The global race for AI dominance, led by the U.S., China, and the European Union, is intensifying. Developing nations like India aim to balance innovation with ethical oversight. While the technology promises unprecedented economic benefits, it also raises critical concerns about energy consumption, workforce disruption, regulatory inconsistencies, and ethical accountability.
International treaties and summits have started to establish a foundation for collaborative AI governance. However, significant disparities remain in national approaches, particularly regarding transparency, surveillance, and data sovereignty. Additionally, the emerging era of agentic AI, quantum integration, and biotech convergence indicates a paradigm shift in how societies interact with machines—not merely as tools but as autonomous systems that will influence our choices, cities, and civilizations.
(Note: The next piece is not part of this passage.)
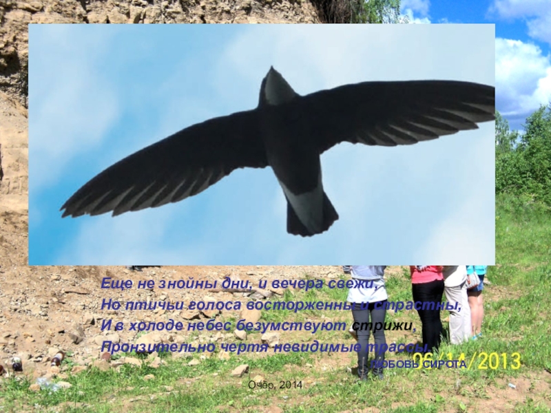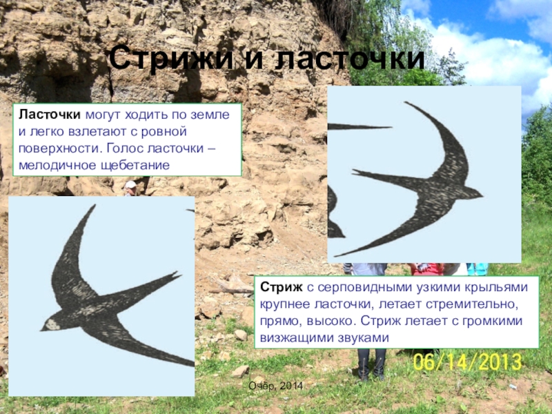 Стриж с серповидными узкими крыльями крупнее ласточки, летает стремительно, прямо, высоко. Стриж летает с громкими визжащими звуками

Ultimately, the future of AI depends not only on technological breakthroughs but also on our collective ability to guide its development—responsibly, inclusively, and sustainably. The decisions made today will determine whether AI becomes a catalyst for shared prosperity or deepened inequality. Therefore, it is essential for governments, industries, academia, and civil society to work together to create a framework that maximizes innovation while safeguarding human values, rights, and dignity.